Trust me, you must be a genious!!

You pushed me back to my primary school days, where my uncle used to buy one for my grandpa that bunch of paper (bound without staple pin),sporting it as a great gift, and enjoyed watching my senile pedagogue grandpa, reading and discussing with his village folks, about the articles inside, as if it was a prized one to be stored in his attic....... as if it was imported from England(Not USA)..Oh my, I remember him, busy keeping safe all those editions, in his steel almirah/almira(spell chek pls) and locking it up along with his readers digest collections..

Off late, when I reached my age, it was Pritish Nandy/Kushwant singh..By that time I got a grip of my grandpa's tradition, this magazine has wound up Lock-stock-n-Barrel... Nostalgic indeed...

Btw, Shri.Kunjuppu, I admit, whenever I read your posts, I ensure my websters is right there next to me..(btw, you miss out paragraphing).
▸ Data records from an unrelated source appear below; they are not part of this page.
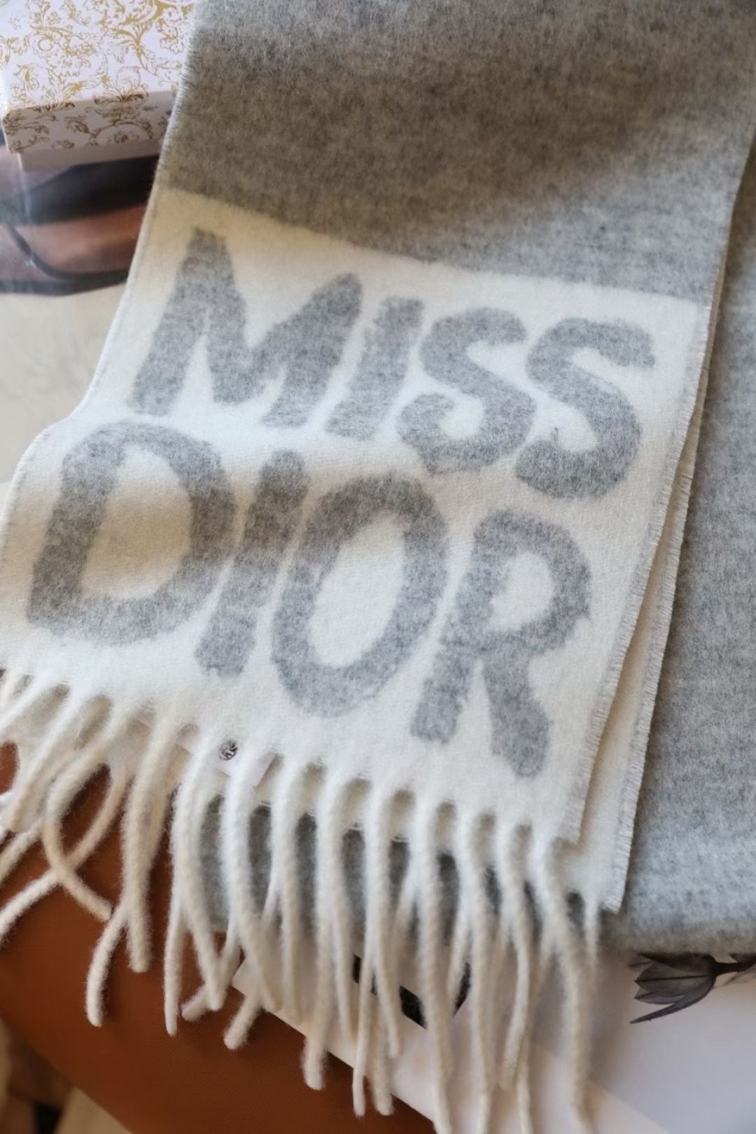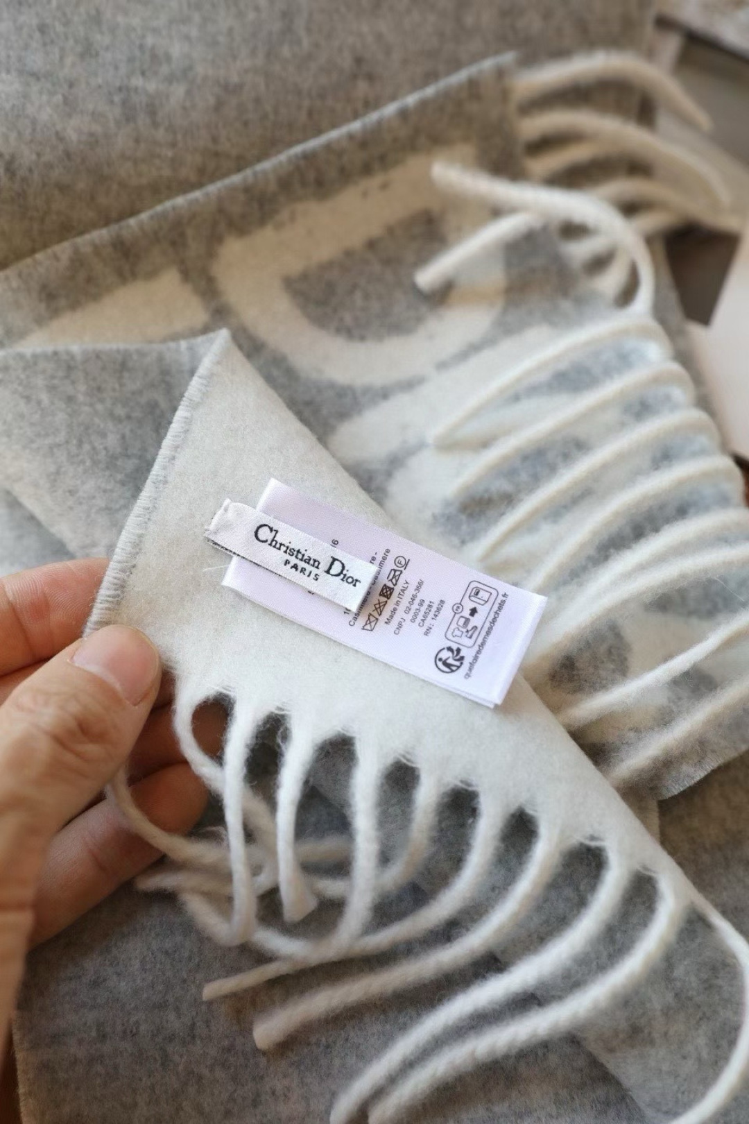 P120🆕 我的天 真要給每人都要入的款 ! DIOR 冬季爆款羊絨围巾 尺寸比常规細点,但不会累贅! 撘大衣的绝配👍🏻重点价格格真的便宜😂 品质非常柔软,上身又真是好看, 货量不多快来抢👍🏻 尺寸:17 x 140 厘米(不含流苏) 成份:100%羊羔绒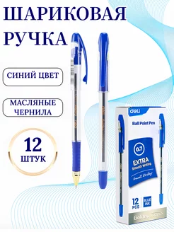 Шариковые ручки синие для школы и офиса набор 12 штук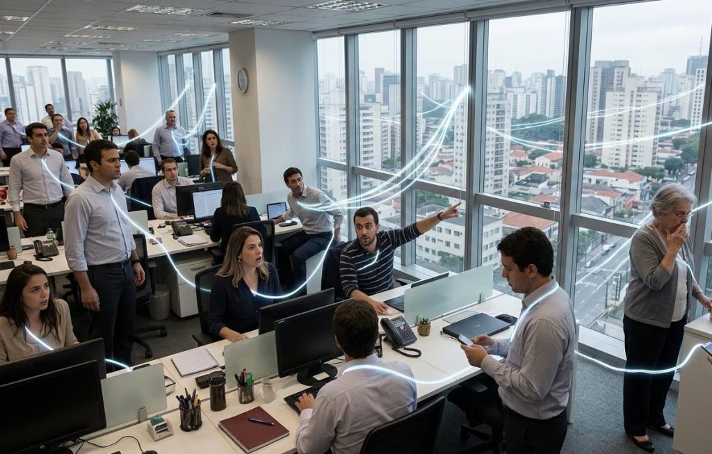 Foi numa segunda-feira, dia de briga, que a coisa aconteceu. Às 10 horas, tudo estava na mesmice habitual, pessoas trabalhando, outras reunidas em torno da máquina de café, muitos comentando a vitória ou derrota de seu time no fim de semana, o show a que assistiram, o de sempre, ao molho.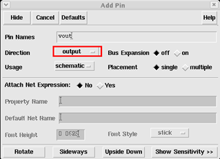 选择输出output,方式和上章中相同。界面会自动跳到原理图的界面,用鼠标点击pin vout和栅极输入的net(本例中该线条通过打label名称是Vin,视频中为net10)。完成之后ADE界面如下图所示。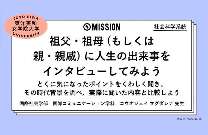「祖父・祖母(もしくは親・親戚)に人生の出来事をインタビューしてみよう。とくに気になったポイントをくわしく聞き、その時代背景を調べ、実際に聞いた内容と比較しよう」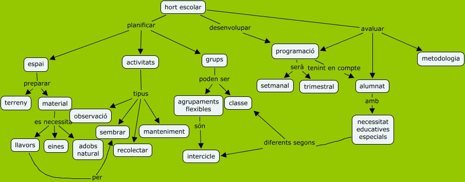 This Concept Map, created with IHMC CmapTools, has information related to: hort escolar, alumnat amb necessitat educatives especials, espai preparar terreny, hort escolar desenvolupar programació, agrupaments flexibles són intercicle, activitats tipus manteniment, hort escolar avaluar alumnat, activitats tipus recolectar, material es necessita eines, hort escolar planificar grups, programació tenint en compte alumnat, hort escolar avaluar metodologia, grups poden ser classe, material es necessita adobs natural, hort escolar avaluar programació, activitats tipus observació, hort escolar planificar espai, grups poden ser agrupaments flexibles, hort escolar planificar activitats, programació serà setmanal, programació serà trimestral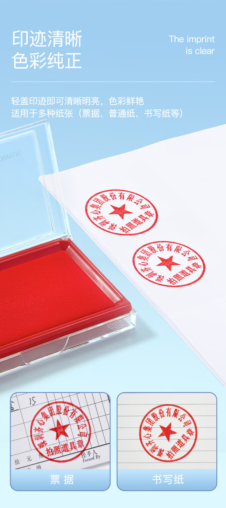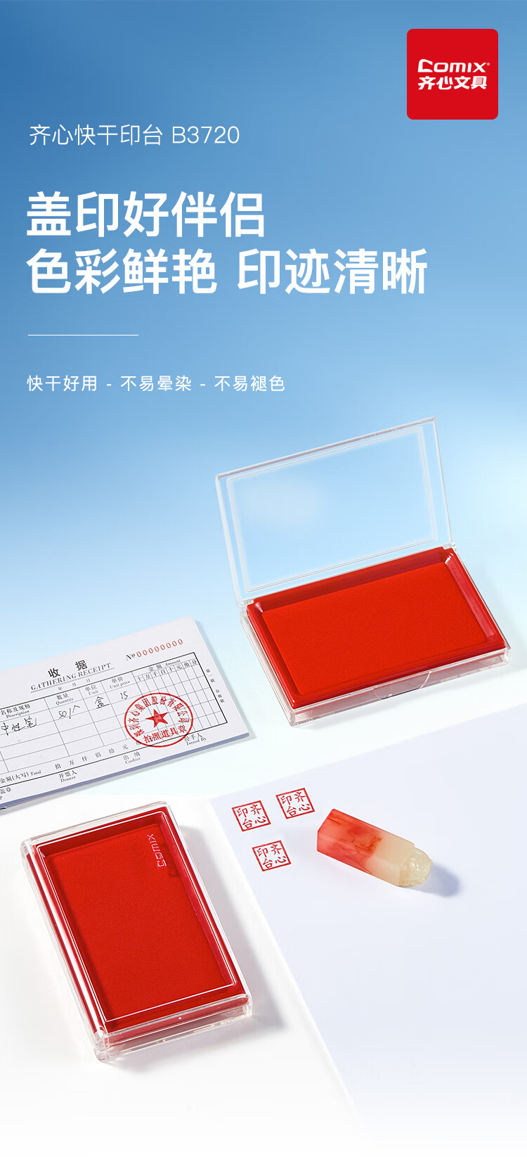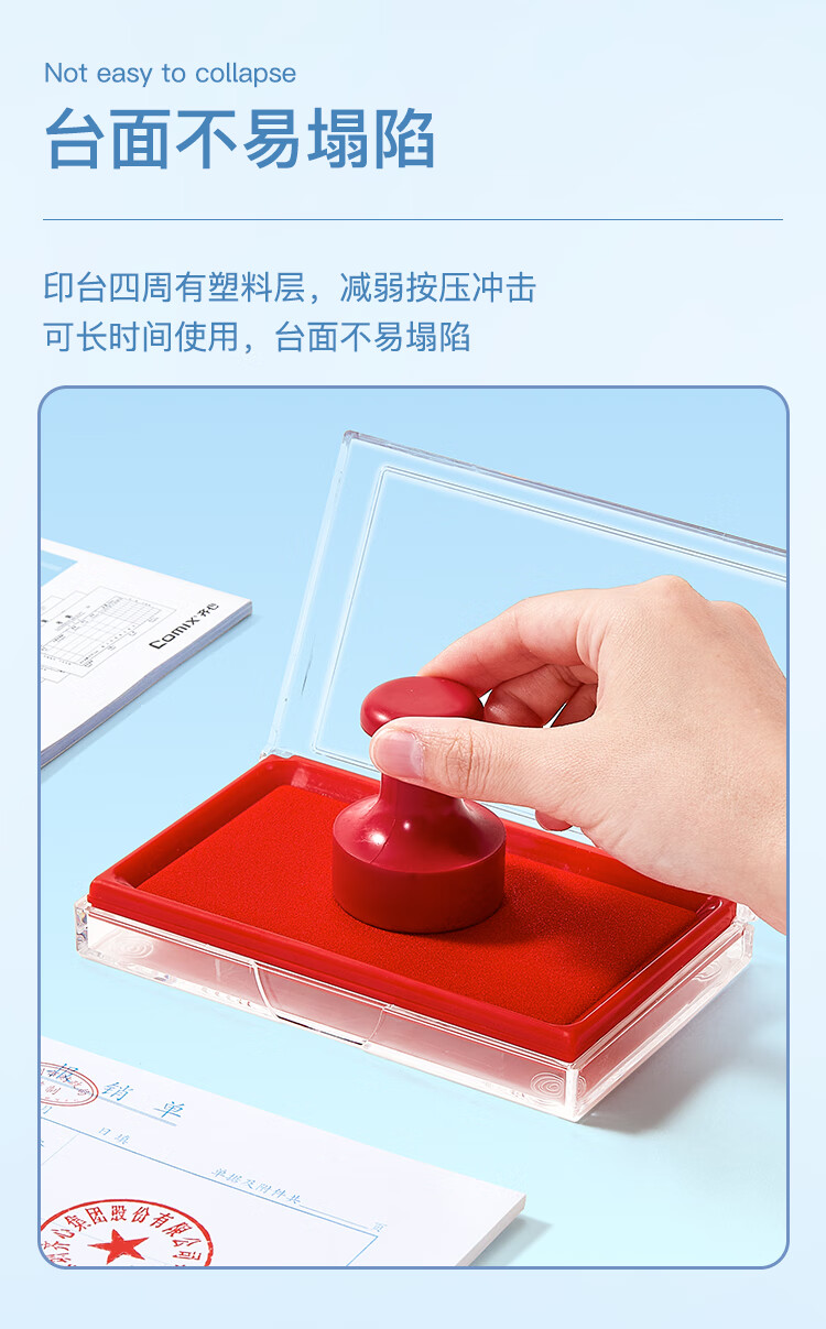 齐心(Comix)135*85mm方形防水快干印台印泥 办公用品 红色B3720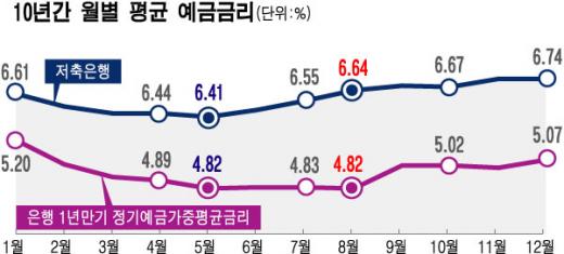 최근 10년 평균금리 은행 1월, 저축은행 12월 최고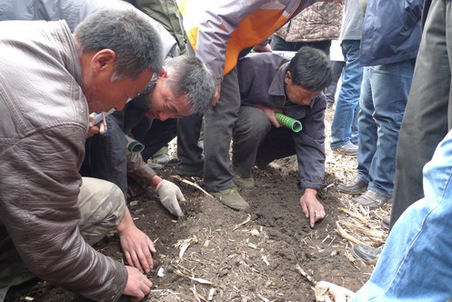 随后,四台播种机陆续开动,先后进行了现场实地示范。参会人员在播种机耕种后的地块进行了认真测量,对事先设定的自行调节变量如株距、种子深度、施肥量等均给予高度认可。一位正在测量株距的技术人员表示,如果使用这种播种机,不仅能做到精密播种、秸秆全量还田,还能培肥地力,对蓄水保墒、改善土壤环境、防止水、土、肥流失起到可靠的保障。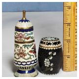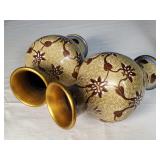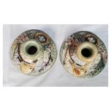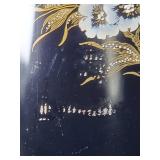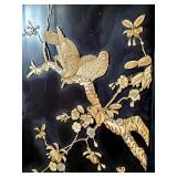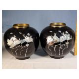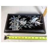 Pr of 9" vases, pr of 8" ginger jar vases (no lids, some loose mother of pearl pieces) and 12" long smoke set box with MOP bird on branch lid, inside brass ashtray and cigarette box insert with MOP calligraphy mark lid - some minor lacquer issues - in house shipping available 620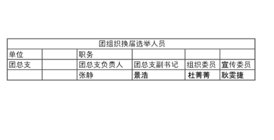 经选举,张静当选团总支负责人;景浩当选团总支副书记。杜菁菁任组织委员,耿雯捷任宣传委员。

Sir, pls share me the secret of your finest vocabulary..Thanks in advance.

first to happy hindu a reply: happy, life in canada is like life anywhere. it is how interesting we make it.

every day is a gift. tomorrow must be looked forward to as it must be better than today, which in turn is better than yesterday.

every day, every breath, is a gift, very specially so, when we are healthy.

ok ok, one of these days, i will let you start a thread on life (abroad) and we can banter about those grasses that are green on the other side of the fence.

back to sapr... the illustrated weekly reached its zenith, i think, with khushwant.

to be sure, it was light weight journalism, but of a refreshing kind. he introduced the various ethnic groups of india to the others. it was fascninating to find out about dogras or chitpavan brahmins.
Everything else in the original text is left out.